[cfe-dev] Blended analysis using Clang

Tue Oct 11 06:58:18 PDT 2016

> On Oct 11, 2016, at 5:15 AM, Eric Williamson via cfe-dev <cfe-dev at lists.llvm.org> wrote:
> 
> Hello,
> 
> I am looking to conduct a blended analysis of c programs, with respect to certain invariants, using clang. I was wondering if there are been similar projects that have been previously completed.
> 
> As we have the source of these programs, my initial attempts have led me to using the clang static analyzer to statically assert as many of the invariants as I can using a path sensitive analysis, and identifying places to identify dynamic checks for certain passes where the invariant is unknown if violated. 

One thing to be aware of is that the clang static analyzer’s symbolic execution is not exhaustive. It can (and will) drop flows, it will stop unrolling loops, etc. and in general is under-approximate.

> The only way I have seen to identify these points of interest is to use a Rewriter instance to leave a marker comment at that source location where I want to insert dynamic checks. Is there a more standard way of communicating these locations for dynamic checks out from the static analyzer?

One  possibility is to insert a call to a function or builtin with a well-known name (for example “my_assert()”) and either link in an implementation of the function to be called at run time or write an LLVM pass to replace the call with instrumentation instructions. The analyzer itself doesn’t have any rewriting functionality.

> After those calls have been properly communicated I would like to use some method to embed checks into the final executable.

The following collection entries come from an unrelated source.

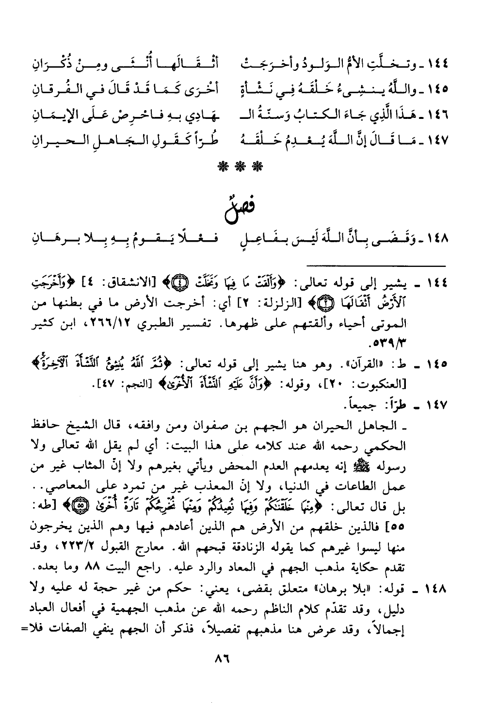 147 - ما قال إن الله يعدم خلقه طزا كقول الجاهل الحيران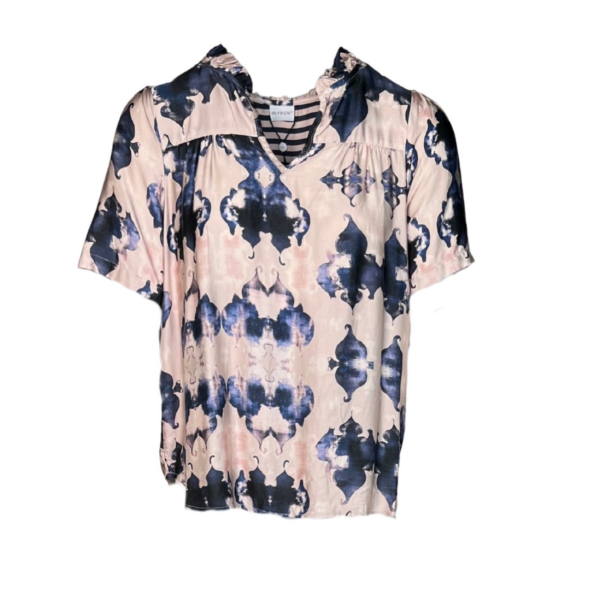 Bluse med flot print i forskellige nuancer, som skaber liv og dybde.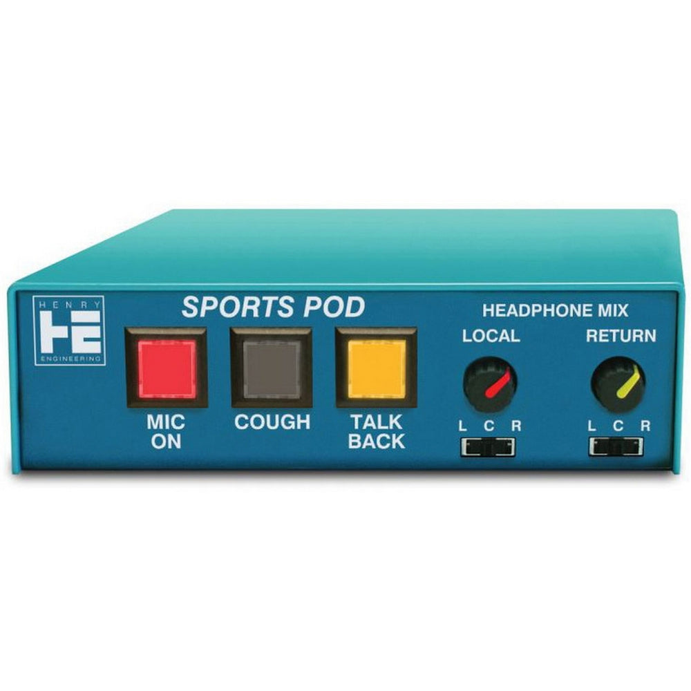 The Sports Pod is an announcer's mic/headphone controller and intercom system for use by talent at a remote broadcast. It is ideal for use at sporting events, on-location broadcasts, or in any studio. Sports Pod is similar to Henry Engineering's Talent Pod, but with three additional features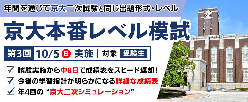 EVENTS 東岡山校 HOME » イベント情報 » 京大本番レベル模試 京大本番レベル模試 2025.09.25 東岡山校 2025-10-05 実施 東岡山校:受験者以外 11:00~18:00まで開館 岡山瀬戸校16時~開館(10/22本部研修のため) 高2京大本番レベル模試 特別招待講習・招待状請求(講座リスト)・資料請求・無料体験・個別説明会のお申込みはこちら ツイートする シェアする LINEに送る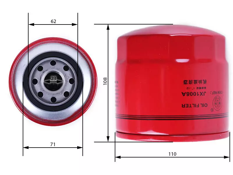 Фильтр масляный - Jinma 354, Булат 244/354 (JX1008A). Размеры: H-105mm, Ø23mm. Вес: 590 гр.
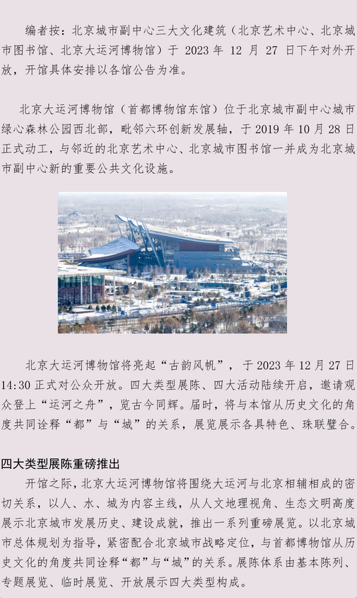 北京大运河博物馆(首都博物馆东馆)即将开馆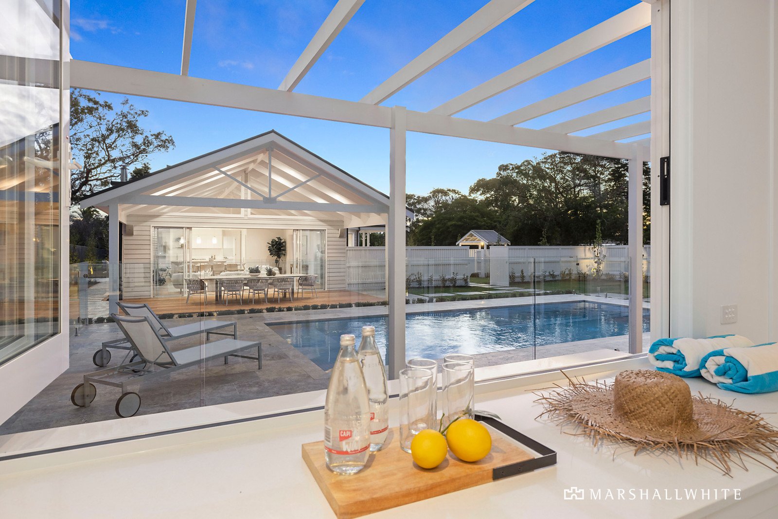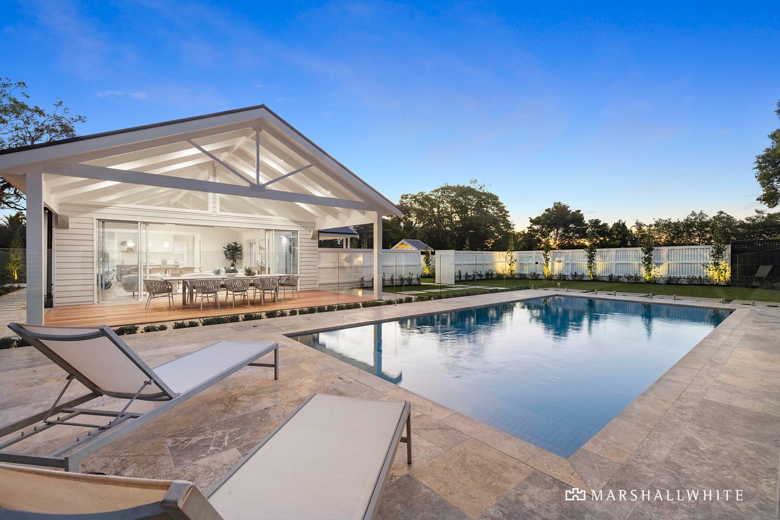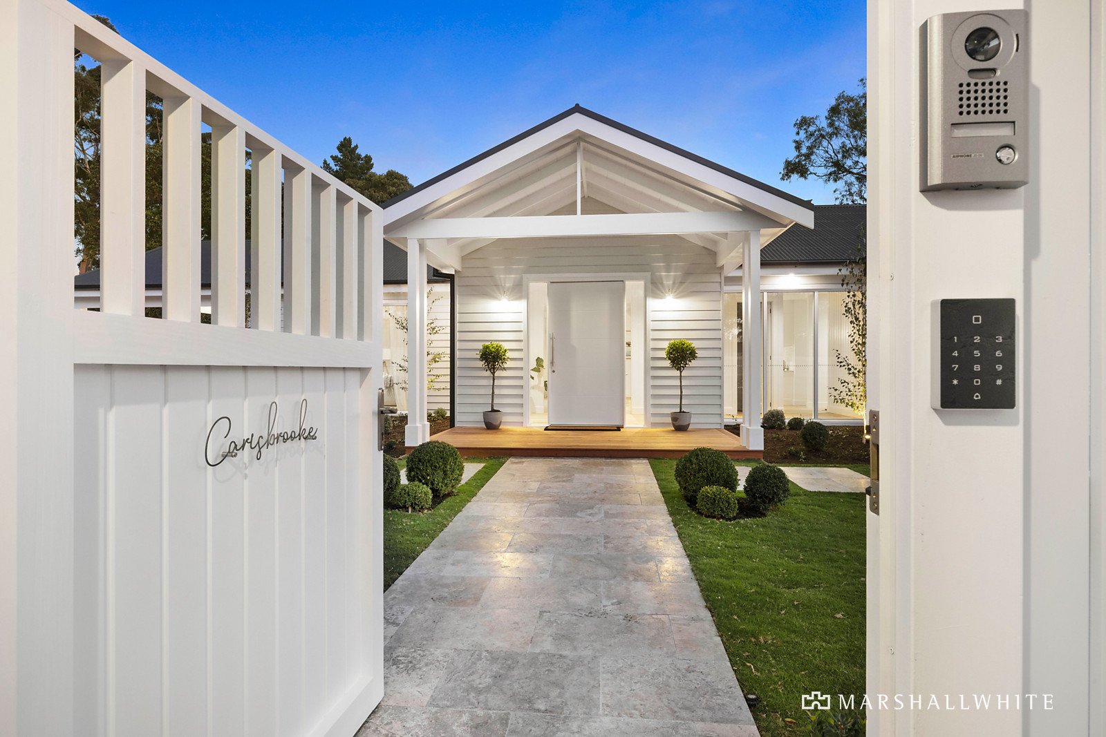 Privately set behind a high picket fence, with an architectural arbour framing the Arundel Court entry-gate, a Silver Travertine path leads to the impressively proportioned main residence, flanked by a series of patios, decks and pergolas, in beautifully landscaped gardens.

From my understanding I can do this through a source to source translation with a Rewriter, with an AST modification, or at the IR level. Do you have any advice on what would be best to embed a variety of dynamic checks into a many different c programs?

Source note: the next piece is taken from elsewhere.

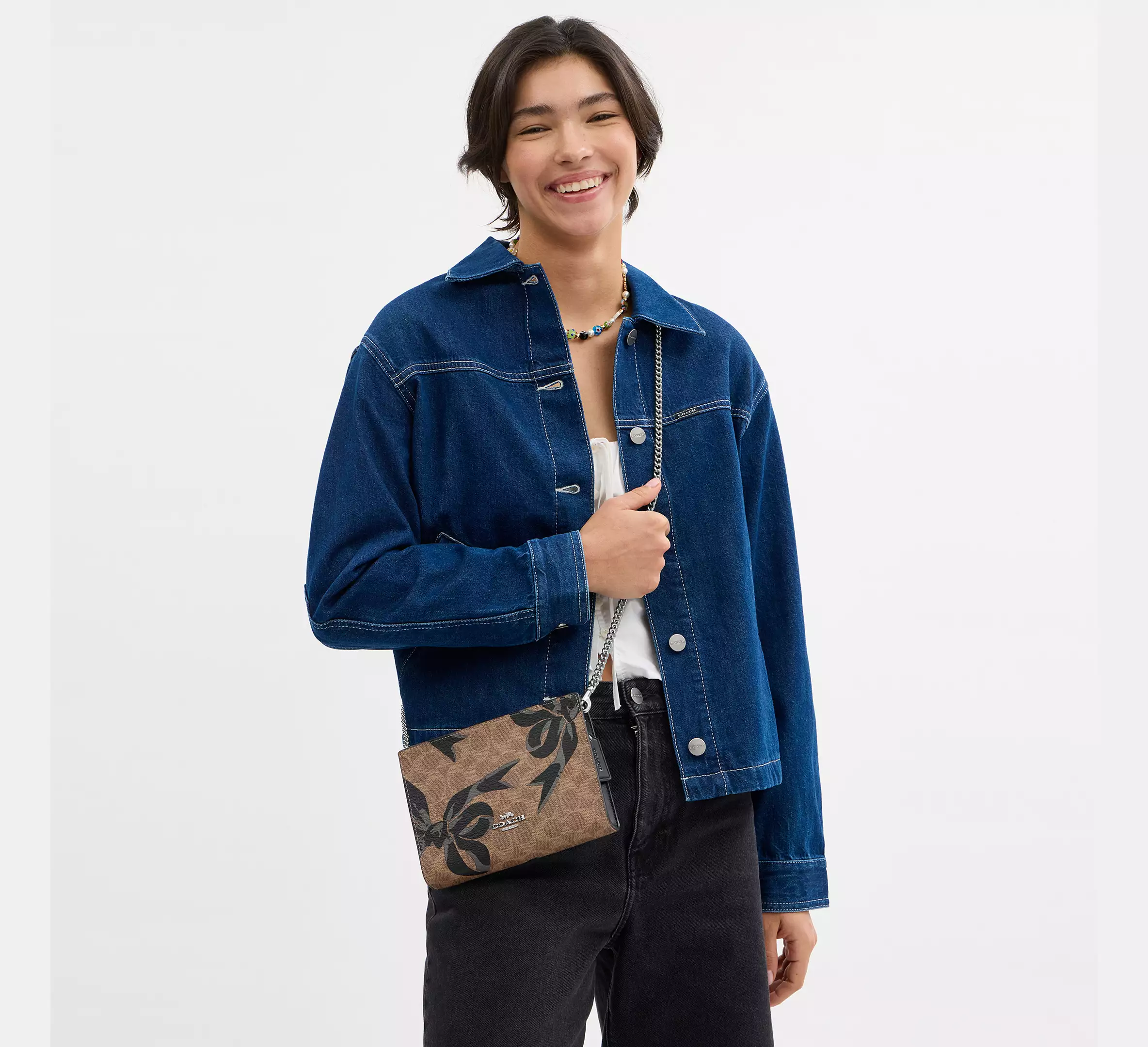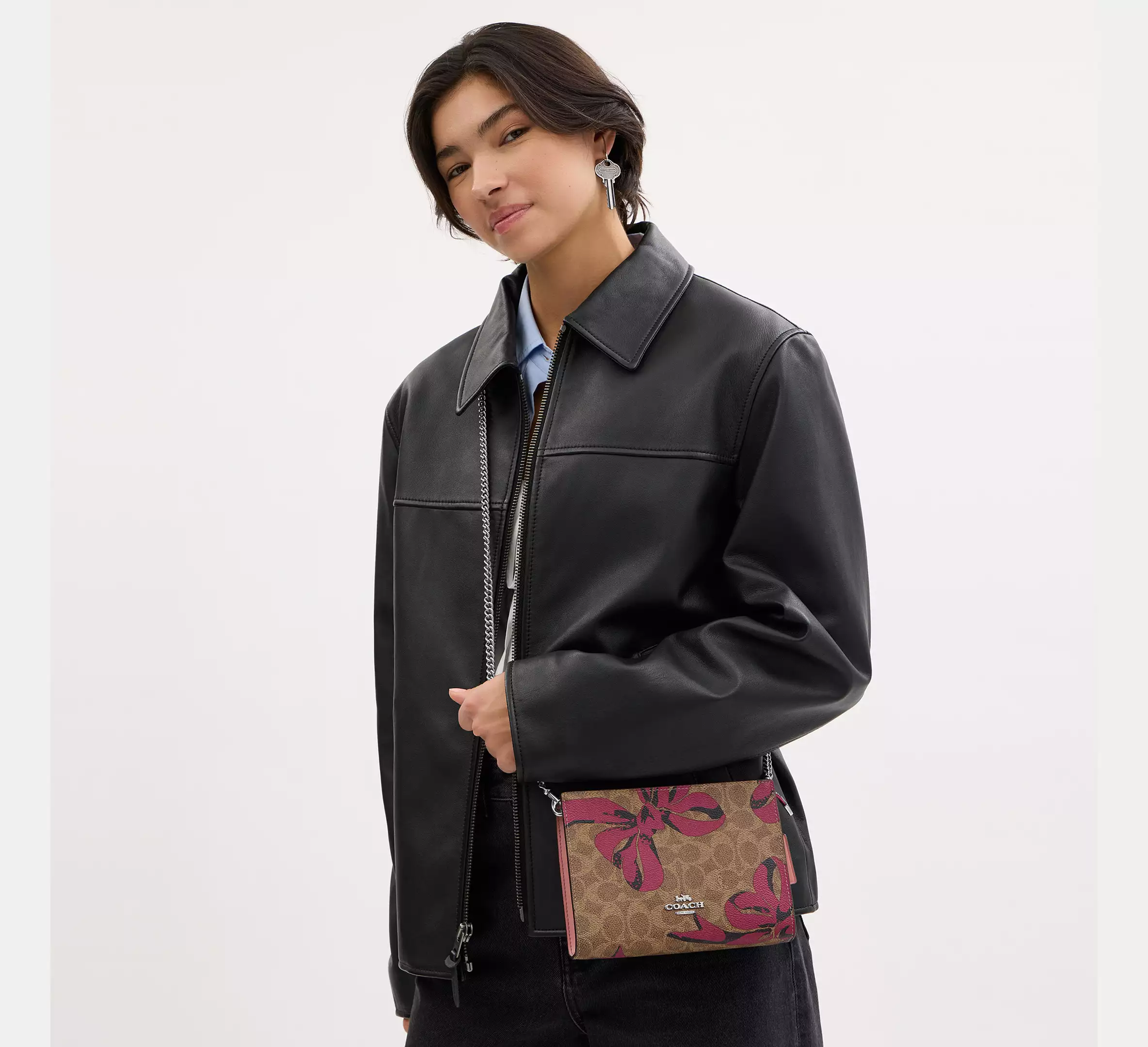 Coach Slim Crossbody Bag In Signature Canvas With Bow Print

In my experience source-to-source translation can be quite a lot of work — depending on your needs — because it often requires looking at surrounding context to insert instrumentation correctly. For example, suppose you have a function call that takes an expression with a side effect and you want your instrumentation to have access to that expression’s value. If you want to use that value in your instrumentation and also pass it to the called function you may need to store it first in a temporary. Correctly inserting a temporary local variable for a given expression at the AST level can require handling a lot of cases! Often it is easier to add the instrumentation at the IR level. The downside is that it may be more difficult or impossible to recover information that is obvious at the AST level but lowered away in LLVM IR.

Devin